_Try it:_ Using the listing below, give again exactly the lines from the line with "展览是由西安崔振宽美术馆精心" to the line with "中交海河公馆排在第二,6月签", inclusive, without the pictures.

_Dataset extract:_
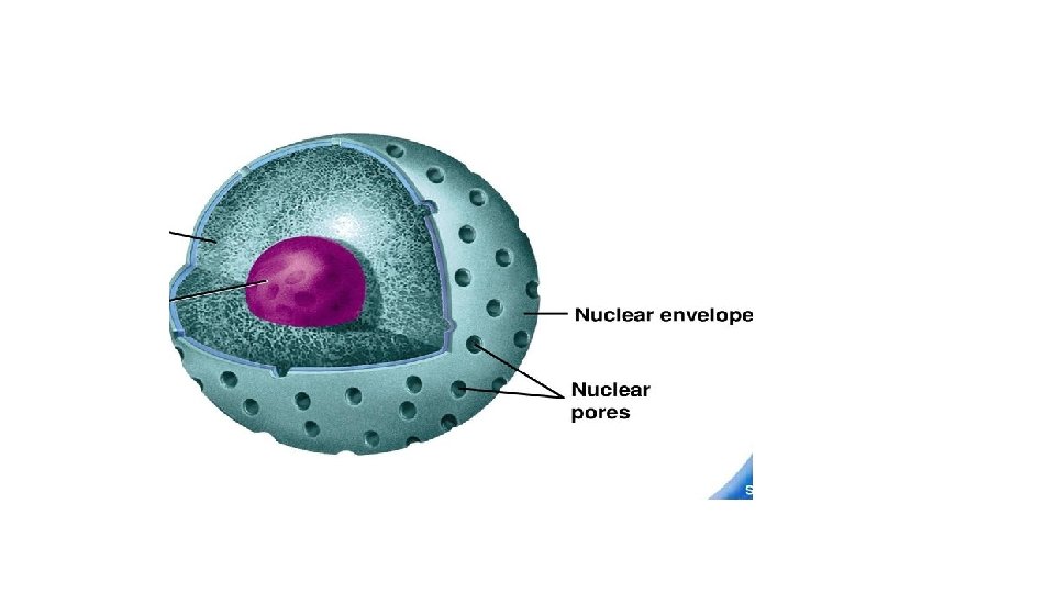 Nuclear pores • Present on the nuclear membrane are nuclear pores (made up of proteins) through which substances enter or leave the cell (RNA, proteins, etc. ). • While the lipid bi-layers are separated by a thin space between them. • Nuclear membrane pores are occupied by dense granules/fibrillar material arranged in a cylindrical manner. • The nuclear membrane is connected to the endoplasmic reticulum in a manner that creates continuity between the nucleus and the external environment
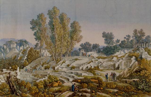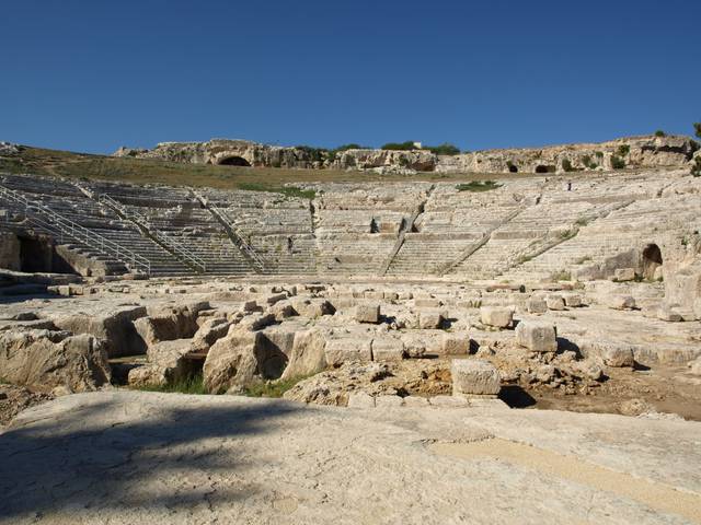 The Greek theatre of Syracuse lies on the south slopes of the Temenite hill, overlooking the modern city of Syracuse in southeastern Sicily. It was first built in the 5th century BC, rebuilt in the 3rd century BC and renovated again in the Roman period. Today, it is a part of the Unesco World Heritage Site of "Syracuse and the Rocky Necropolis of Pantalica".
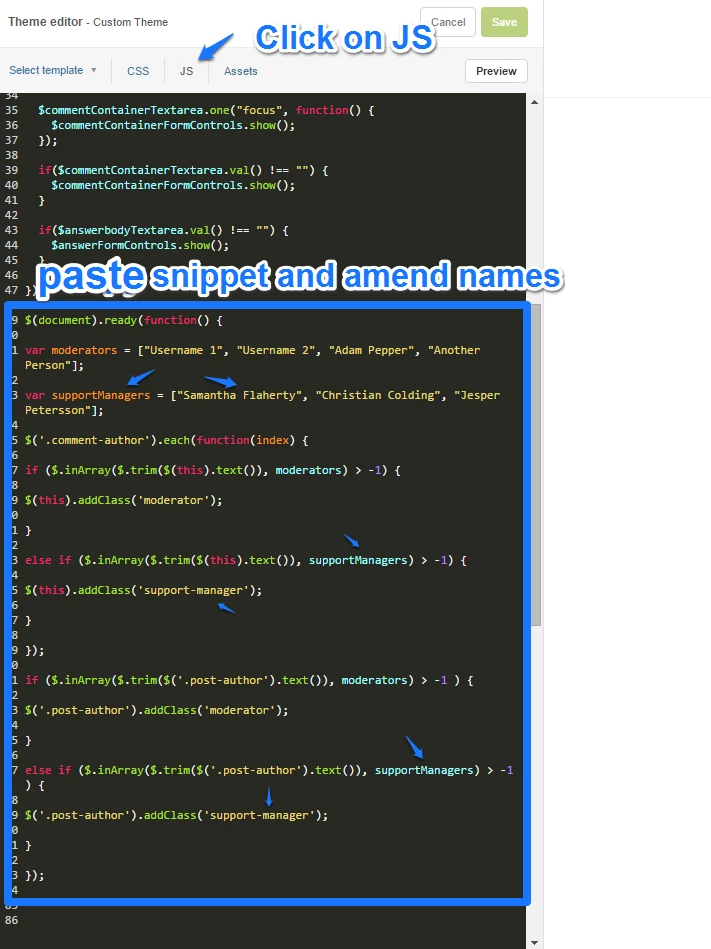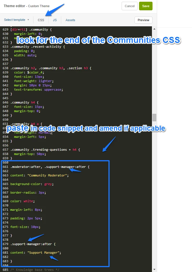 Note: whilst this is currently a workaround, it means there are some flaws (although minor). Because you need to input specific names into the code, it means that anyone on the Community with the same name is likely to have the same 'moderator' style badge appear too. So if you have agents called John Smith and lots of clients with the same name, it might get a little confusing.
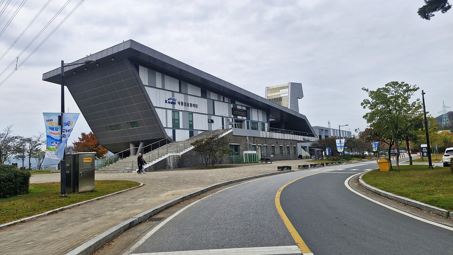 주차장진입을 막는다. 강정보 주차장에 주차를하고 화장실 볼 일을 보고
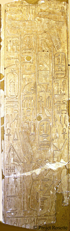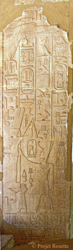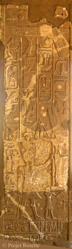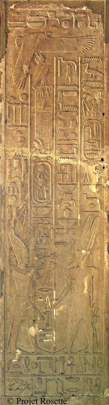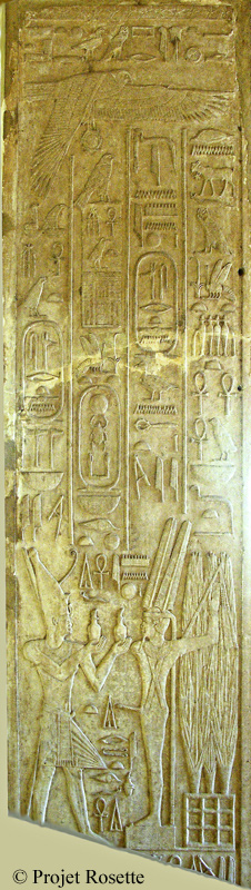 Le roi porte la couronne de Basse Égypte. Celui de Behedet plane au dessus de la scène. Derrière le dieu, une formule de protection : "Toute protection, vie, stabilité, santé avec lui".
* * *
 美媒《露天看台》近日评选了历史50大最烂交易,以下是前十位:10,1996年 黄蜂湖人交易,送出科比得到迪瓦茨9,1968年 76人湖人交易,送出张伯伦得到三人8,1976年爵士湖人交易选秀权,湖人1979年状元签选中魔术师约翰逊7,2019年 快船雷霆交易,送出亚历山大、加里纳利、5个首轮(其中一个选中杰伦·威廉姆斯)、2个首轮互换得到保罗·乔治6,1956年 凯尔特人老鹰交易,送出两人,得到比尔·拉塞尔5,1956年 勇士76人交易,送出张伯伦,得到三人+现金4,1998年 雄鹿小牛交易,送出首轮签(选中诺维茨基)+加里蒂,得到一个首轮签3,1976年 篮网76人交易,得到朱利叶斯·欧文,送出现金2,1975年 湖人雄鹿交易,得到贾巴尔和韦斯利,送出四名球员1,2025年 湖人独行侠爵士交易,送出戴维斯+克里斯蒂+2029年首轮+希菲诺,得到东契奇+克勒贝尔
==
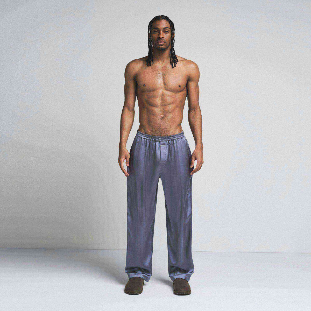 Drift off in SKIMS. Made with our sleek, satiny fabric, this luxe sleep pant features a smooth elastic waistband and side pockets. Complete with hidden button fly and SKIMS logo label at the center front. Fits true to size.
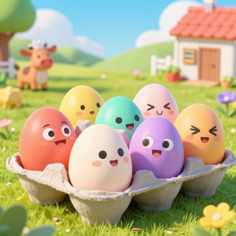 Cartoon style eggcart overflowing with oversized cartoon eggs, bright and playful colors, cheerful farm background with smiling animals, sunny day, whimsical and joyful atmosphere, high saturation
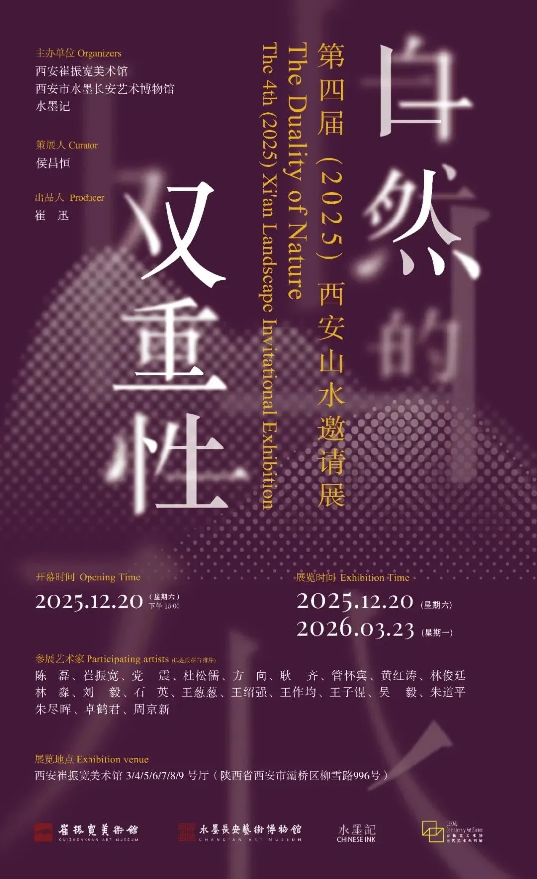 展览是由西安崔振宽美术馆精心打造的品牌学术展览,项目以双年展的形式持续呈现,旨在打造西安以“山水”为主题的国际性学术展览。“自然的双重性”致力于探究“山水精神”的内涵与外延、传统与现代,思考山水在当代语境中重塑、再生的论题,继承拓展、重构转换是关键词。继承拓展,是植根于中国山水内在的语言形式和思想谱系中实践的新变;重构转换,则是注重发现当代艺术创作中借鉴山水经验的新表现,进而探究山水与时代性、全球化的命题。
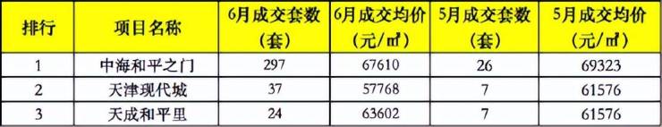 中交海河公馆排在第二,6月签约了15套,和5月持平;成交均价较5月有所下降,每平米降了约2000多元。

_Task output:_
 展览是由西安崔振宽美术馆精心打造的品牌学术展览,项目以双年展的形式持续呈现,旨在打造西安以“山水”为主题的国际性学术展览。“自然的双重性”致力于探究“山水精神”的内涵与外延、传统与现代,思考山水在当代语境中重塑、再生的论题,继承拓展、重构转换是关键词。继承拓展,是植根于中国山水内在的语言形式和思想谱系中实践的新变;重构转换,则是注重发现当代艺术创作中借鉴山水经验的新表现,进而探究山水与时代性、全球化的命题。
 中交海河公馆排在第二,6月签约了15套,和5月持平;成交均价较5月有所下降,每平米降了约2000多元。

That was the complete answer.